:: PROBLEM STATEMENT ::
Pictures are to be left out. Return exactly the lines below from the one with "这次来镇演出的是江苏单簧管重" up to and including the one with "60年代に展開されていたデッ".

:: GIVEN INFORMATION ::
----------
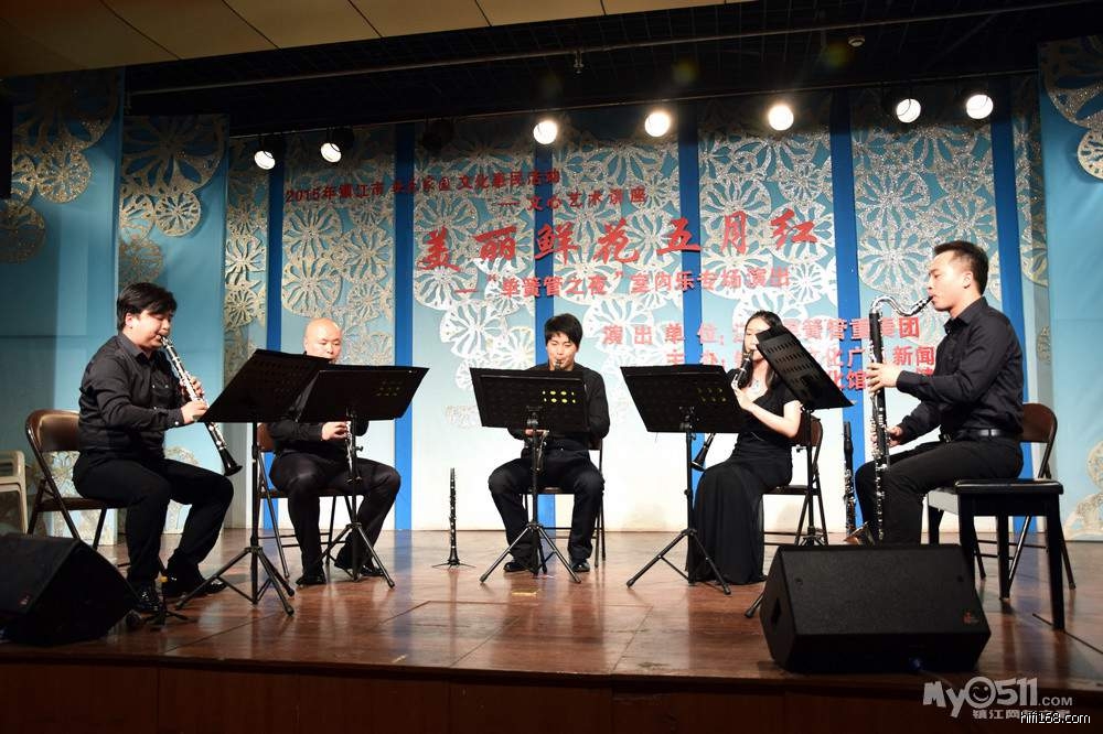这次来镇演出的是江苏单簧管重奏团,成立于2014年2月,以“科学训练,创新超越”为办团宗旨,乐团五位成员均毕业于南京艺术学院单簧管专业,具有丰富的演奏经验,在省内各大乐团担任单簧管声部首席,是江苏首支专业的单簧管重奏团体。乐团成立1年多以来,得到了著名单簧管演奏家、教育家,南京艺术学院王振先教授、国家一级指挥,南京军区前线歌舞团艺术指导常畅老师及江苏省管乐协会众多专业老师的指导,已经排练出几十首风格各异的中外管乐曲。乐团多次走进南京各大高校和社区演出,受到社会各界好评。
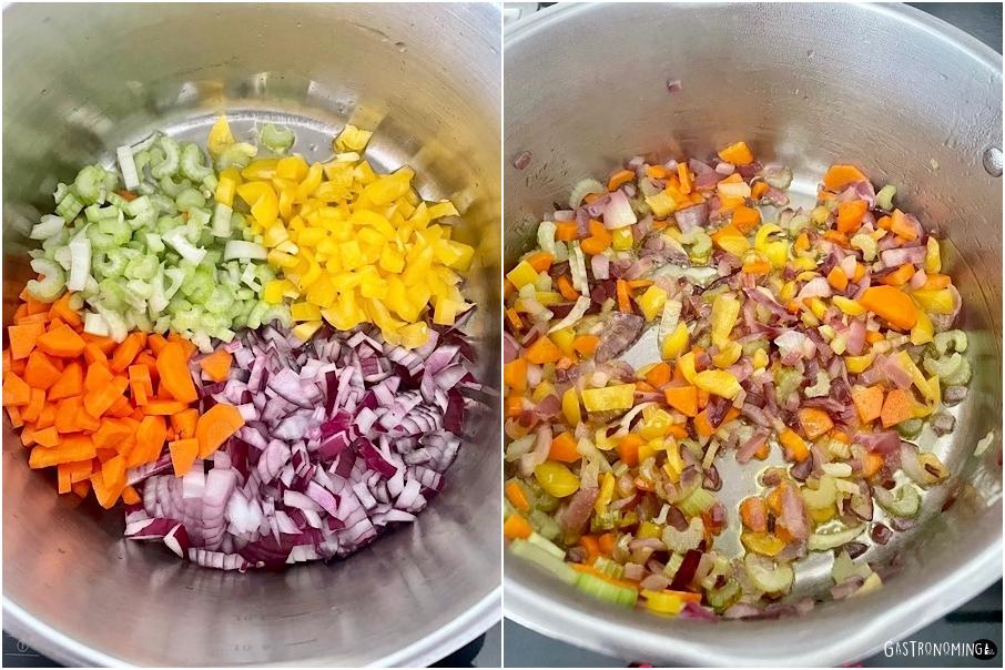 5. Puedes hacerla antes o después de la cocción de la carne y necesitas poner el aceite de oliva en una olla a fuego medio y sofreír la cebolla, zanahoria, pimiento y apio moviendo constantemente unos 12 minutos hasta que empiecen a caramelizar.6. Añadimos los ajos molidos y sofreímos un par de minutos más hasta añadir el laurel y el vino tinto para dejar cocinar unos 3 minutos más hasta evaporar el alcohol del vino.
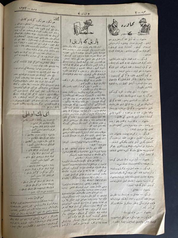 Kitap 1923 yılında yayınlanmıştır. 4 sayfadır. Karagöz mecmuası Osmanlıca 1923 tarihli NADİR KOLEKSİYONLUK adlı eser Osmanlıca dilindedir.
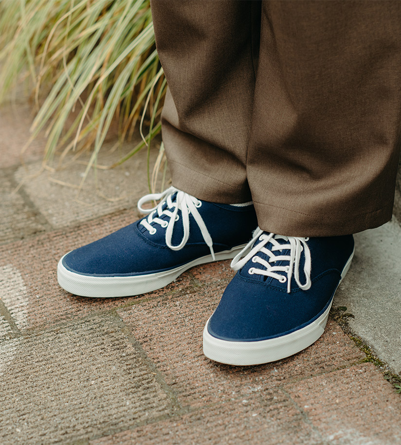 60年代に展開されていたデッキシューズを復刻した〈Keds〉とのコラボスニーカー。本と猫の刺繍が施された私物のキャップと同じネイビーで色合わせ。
----------
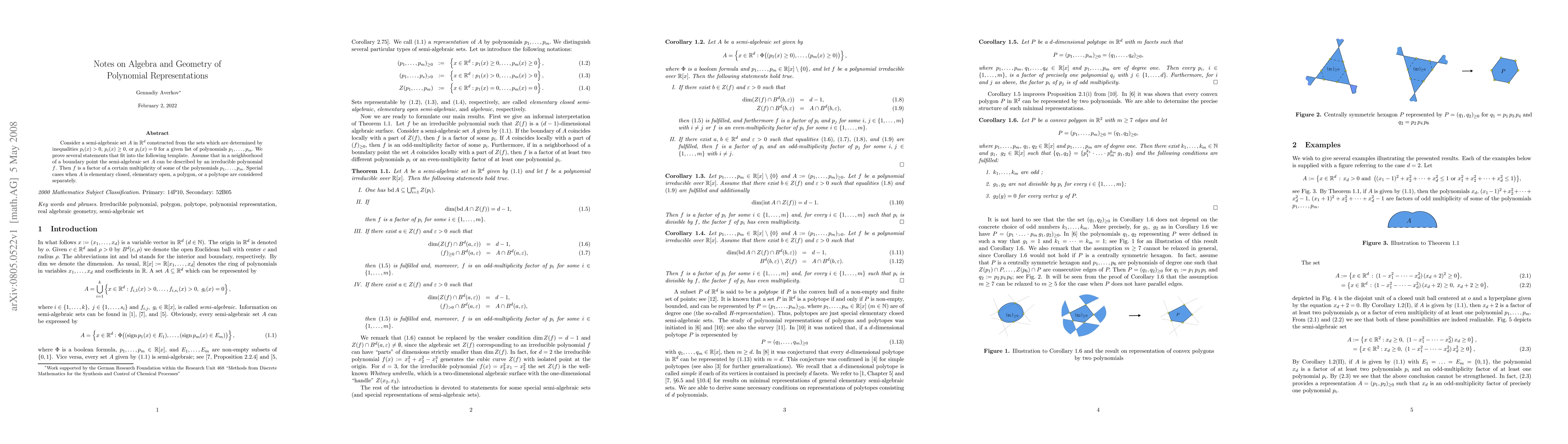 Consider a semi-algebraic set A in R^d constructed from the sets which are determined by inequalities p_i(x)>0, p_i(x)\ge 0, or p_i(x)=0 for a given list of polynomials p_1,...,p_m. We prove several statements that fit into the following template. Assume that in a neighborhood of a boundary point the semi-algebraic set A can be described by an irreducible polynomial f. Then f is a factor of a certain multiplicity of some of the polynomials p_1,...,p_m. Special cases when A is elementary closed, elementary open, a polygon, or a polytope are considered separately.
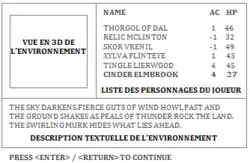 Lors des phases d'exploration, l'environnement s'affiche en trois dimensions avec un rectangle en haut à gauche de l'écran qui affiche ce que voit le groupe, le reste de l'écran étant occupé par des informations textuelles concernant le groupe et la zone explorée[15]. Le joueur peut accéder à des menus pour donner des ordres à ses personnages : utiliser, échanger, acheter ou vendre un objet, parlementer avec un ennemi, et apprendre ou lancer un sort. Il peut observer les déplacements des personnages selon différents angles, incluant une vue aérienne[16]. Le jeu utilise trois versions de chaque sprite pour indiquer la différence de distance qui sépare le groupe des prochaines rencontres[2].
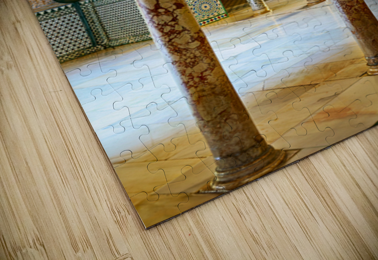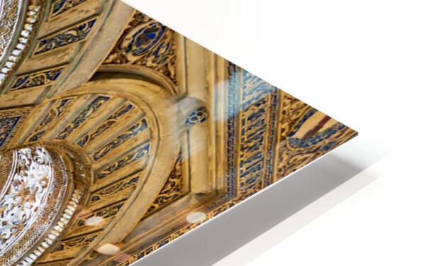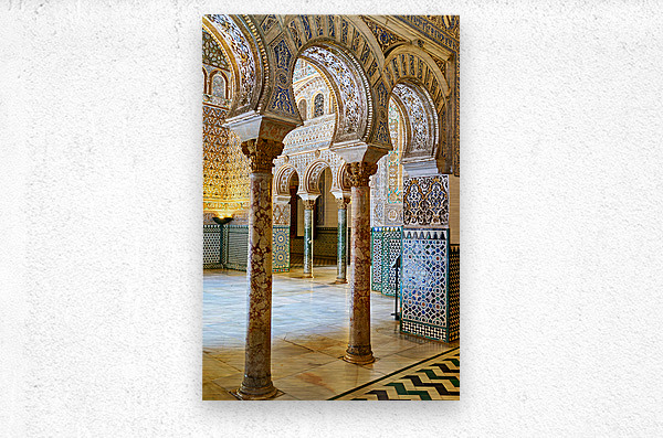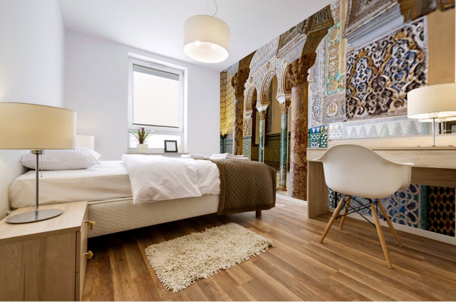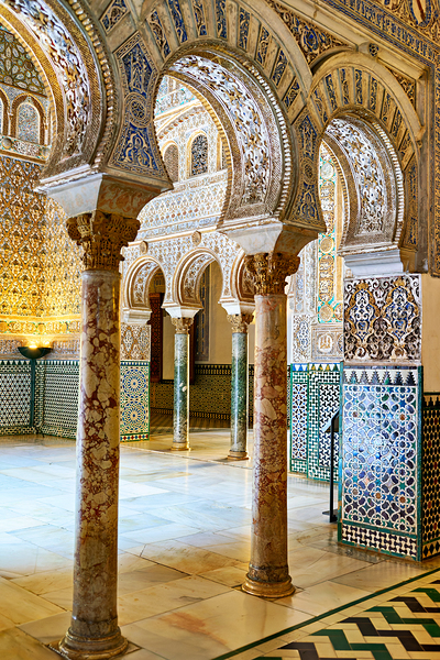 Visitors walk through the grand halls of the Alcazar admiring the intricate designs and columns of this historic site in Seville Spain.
----------
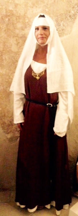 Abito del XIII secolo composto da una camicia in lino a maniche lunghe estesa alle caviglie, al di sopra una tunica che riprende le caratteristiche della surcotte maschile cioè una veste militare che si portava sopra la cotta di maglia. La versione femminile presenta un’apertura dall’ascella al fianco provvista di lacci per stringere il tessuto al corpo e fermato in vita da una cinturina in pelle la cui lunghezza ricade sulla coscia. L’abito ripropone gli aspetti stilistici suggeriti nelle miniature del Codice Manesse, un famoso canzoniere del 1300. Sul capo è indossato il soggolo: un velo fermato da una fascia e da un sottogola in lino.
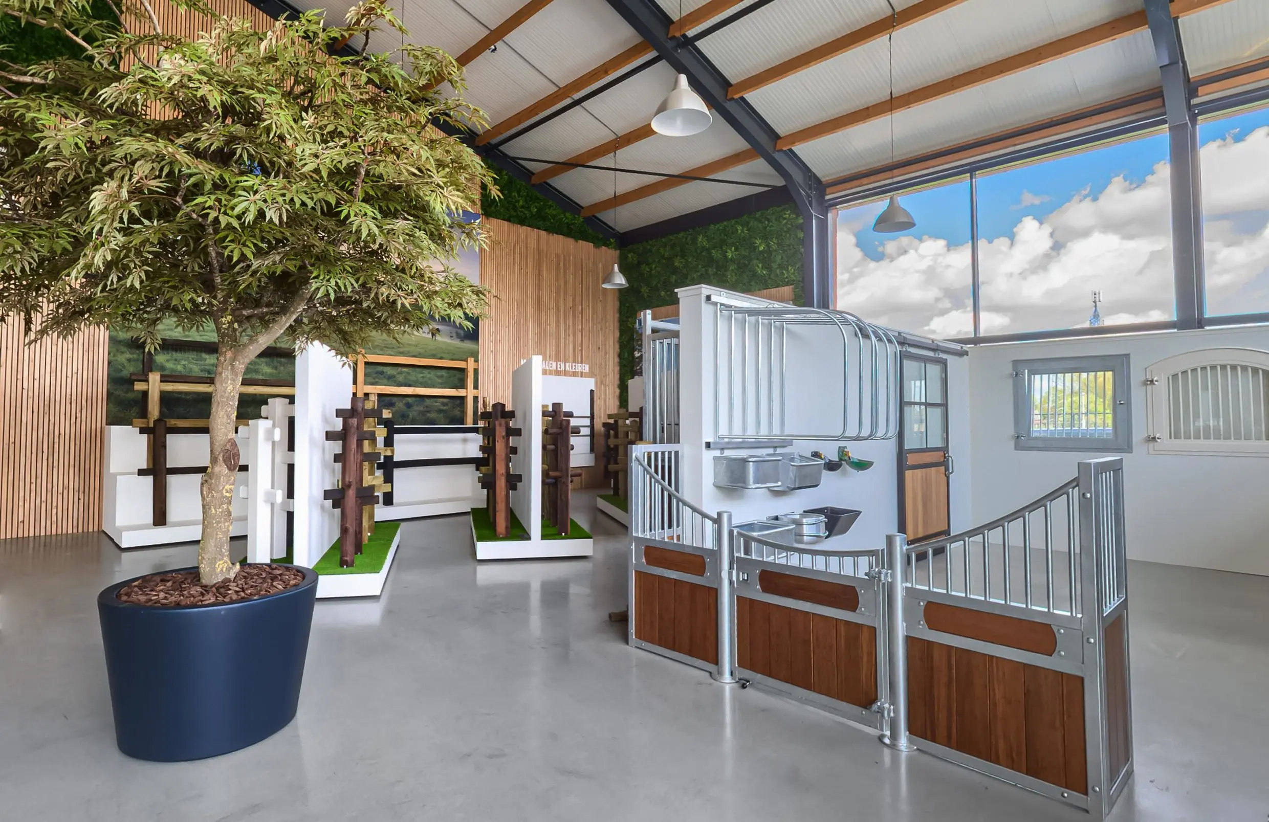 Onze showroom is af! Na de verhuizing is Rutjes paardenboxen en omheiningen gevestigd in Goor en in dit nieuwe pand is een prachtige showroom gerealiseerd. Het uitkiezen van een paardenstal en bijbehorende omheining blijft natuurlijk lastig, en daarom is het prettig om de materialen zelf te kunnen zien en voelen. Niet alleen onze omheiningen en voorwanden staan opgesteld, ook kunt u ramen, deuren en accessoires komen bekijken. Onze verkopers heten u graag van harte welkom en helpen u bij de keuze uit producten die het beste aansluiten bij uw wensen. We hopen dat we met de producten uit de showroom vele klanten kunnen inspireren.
----------
:: ANSWER ::
这次来镇演出的是江苏单簧管重奏团,成立于2014年2月,以“科学训练,创新超越”为办团宗旨,乐团五位成员均毕业于南京艺术学院单簧管专业,具有丰富的演奏经验,在省内各大乐团担任单簧管声部首席,是江苏首支专业的单簧管重奏团体。乐团成立1年多以来,得到了著名单簧管演奏家、教育家,南京艺术学院王振先教授、国家一级指挥,南京军区前线歌舞团艺术指导常畅老师及江苏省管乐协会众多专业老师的指导,已经排练出几十首风格各异的中外管乐曲。乐团多次走进南京各大高校和社区演出,受到社会各界好评。
 5. Puedes hacerla antes o después de la cocción de la carne y necesitas poner el aceite de oliva en una olla a fuego medio y sofreír la cebolla, zanahoria, pimiento y apio moviendo constantemente unos 12 minutos hasta que empiecen a caramelizar.6. Añadimos los ajos molidos y sofreímos un par de minutos más hasta añadir el laurel y el vino tinto para dejar cocinar unos 3 minutos más hasta evaporar el alcohol del vino.
 Kitap 1923 yılında yayınlanmıştır. 4 sayfadır. Karagöz mecmuası Osmanlıca 1923 tarihli NADİR KOLEKSİYONLUK adlı eser Osmanlıca dilindedir.
 60年代に展開されていたデッキシューズを復刻した〈Keds〉とのコラボスニーカー。本と猫の刺繍が施された私物のキャップと同じネイビーで色合わせ。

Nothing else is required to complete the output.